I don't think you can do this, it will just make things up. Language models don't have this type of reflection. Google would need to indicate this out of band, like on the page itself, in order for you to be confident about what model you're using.
I'm pretty sure they're trying to suggest that LLMs in general are not useful because they can't do this type of thing. It's just the next iteration of goal post moving and should effectively be ignored.
Many artists and such that I've spoken to about AI work have similar comments about these systems because of the disdain for their existence.
The number of times I hear an argument like "well, they can never taste the tartness of a kiwi and feel the heat of the sun while at the beach" gets quite exhausting. For some reason, many people have this weird notion that this is what AGI means - exactly what humans do, and specifically within the same data domains of humans, but they don't consider working solely outside those domains as a possibility for AGI.
Just wait as the multimodal LLM’s roll out! People will be shoving kiwis into their computer and taking their laptops out for a few rays before you know it.
I tried asking it "what is the difference between the palm language model and the bard language model?" and its reply started off "The main difference between the Palm language model and the Bard language model is the size of the dataset they are trained on.

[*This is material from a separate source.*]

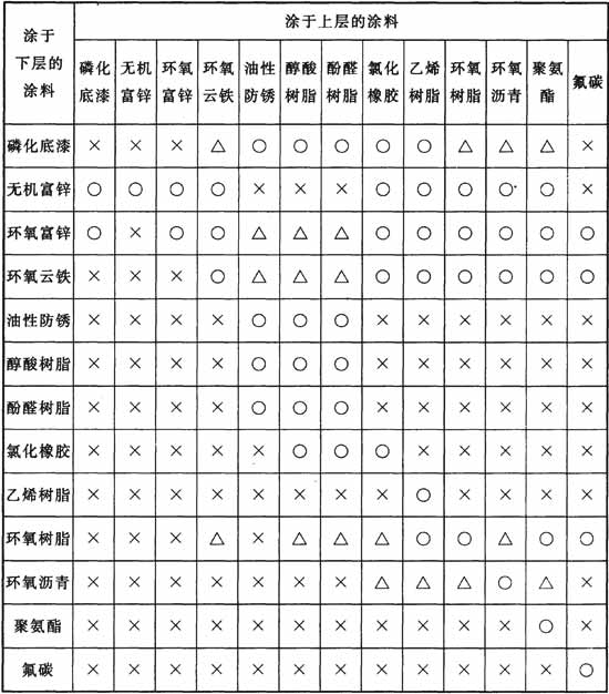 注:○-可以;△-要根據(jù)條件而定(注意涂覆間隔時(shí)間);×-不可以。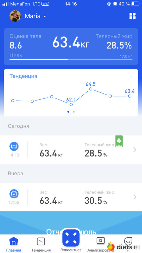 На сегодняшнее утро, понедельник вес стал 85.5 кг

Palm is trained on a dataset of 400 billion parameters, while Bard is trained on a dataset of 540 billion parameters." Which to me is even more interesting that what the OP commenter asserted.
It makes up those numbers, I asked about the difference between the small and large PaLM 2 data set size, and it asserted the small model was trained on 540 billion and the large model was trained on 540 trillion. A different draft instead specified 1.4 trillion for the large.
I didn't mean to argue that everything generated is incorrect. But in my experience, the numbers it generates seem closer to random guesses. If you ask it enough times, it sometimes converges on a number, but I don't think that means it's an accurate value. I was able to make it generate a similar table for the different PaLM 2 sizes, and laMDA, and it listed, PaLM 2 Gecko 137 billion, PaLM 2 Otter 540 billion, PaLM 2 Bison 1.8 trillion, PaLM 2 Unicorn 5.4 trillion, LaMDA 137 billion. For Unicorn, it also lists "Still under development."
Edit: Playing around with it more and it listed WuDao 2.0 1.75 Trillion, Chinchilla 175B, Codex 175B, Dalle2 1.3B, GPT4 1.75T, GPT3.5 540B, GPT3 175B, GPT2 1.37B, GPT 1.3B.
But in the previous question it listed GPT4 540 billion and Codex 5.4 trillion among other contradictions.